On Friday, August 5, 2011, Feldman staged the first sanctioned bare knuckle match in the U.S. since 1889, with Gunn defeating Richard Stewart on Yavapai Nation land in Arizona. Gunn's first title defense took the title back underground; he faced Jay Z's bodyguard Ernest "Mine’s a Nine" Jackson on December 1, 2011, as seen in the video at bottom.

The description that follows is courtesy of northjersey.com.

When the world heavyweight bare-knuckle boxing championship bout takes place, it does so with none of the fanfare typical of regular boxing matches.

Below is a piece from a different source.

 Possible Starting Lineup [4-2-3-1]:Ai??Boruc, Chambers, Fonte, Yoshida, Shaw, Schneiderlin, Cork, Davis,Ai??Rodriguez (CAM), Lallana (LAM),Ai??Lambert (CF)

The event is invitation only, and the final location is disclosed just hours before the fight takes place.

In the end, it's in the ghetto of one of America's meanest cities that the collection of involved characters will be gathered to witness the spectacle... and what a collection it is.

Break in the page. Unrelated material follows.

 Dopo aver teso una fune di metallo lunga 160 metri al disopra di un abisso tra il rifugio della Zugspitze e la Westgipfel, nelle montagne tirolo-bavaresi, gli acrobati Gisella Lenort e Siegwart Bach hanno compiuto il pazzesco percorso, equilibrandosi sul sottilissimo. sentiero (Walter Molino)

The audience is made up of all males, nearly all of whom belong to or are descended from a nomadic tribe of Irish gypsies known in America as "Irish Travelers."

Some, wearing wool overcoats and scully caps, have thick brogues straight from the shores of the Old Country, while others, clad in hooded sweatshirts and jeans, have the dying blue-collar New York accent that uses the letter "r" merely as a placeholder.

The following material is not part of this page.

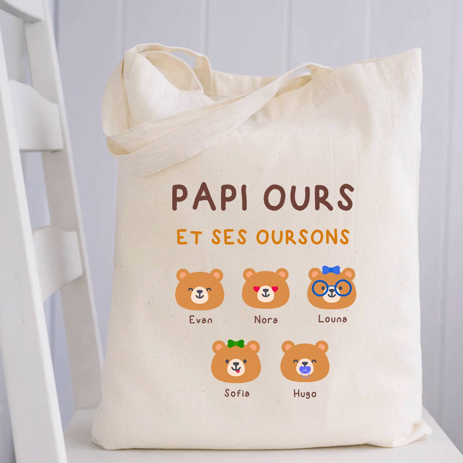 👜 Totebag personnalisé “Papi Ours et ses oursons”

Professional boxers mix with working men and wiseguys from the Irish underworld, and to a man they are cordial and welcoming, all great lovers of conversation, a good laugh, or an off-color joke.

When their champ arrives, they greet him like a long-lost brother, and cheers and back slaps erupt through the street-lit city night as they welcome the Canadian-born fighter who has become Rochelle Park's own: Bobby Gunn.

Standing at just over 5 foot 10 inches and likely hovering around 200 pounds, he is nearly as wide as he is tall, and his dark hair and thoroughly Celtic face belie his Irish and Scottish roots.

Although Gunn, 37, is a seven-time cruiserweight champ with a ring record of 21-4-1, perhaps more impressive is his record when the gloves are off; at 66-0, he is creating his own legend on the underground boxing circuit.

And that circuit (Gunn's last match, held in public on an Arizona Indian reservation, notwithstanding) is still very underground.

After being led through a door that opens only from the inside, the crowd of around 150 is brought to a warehouse with deep blue painted floors and fluorescent lights, where a makeshift ring - a square area between the building's support poles - lies.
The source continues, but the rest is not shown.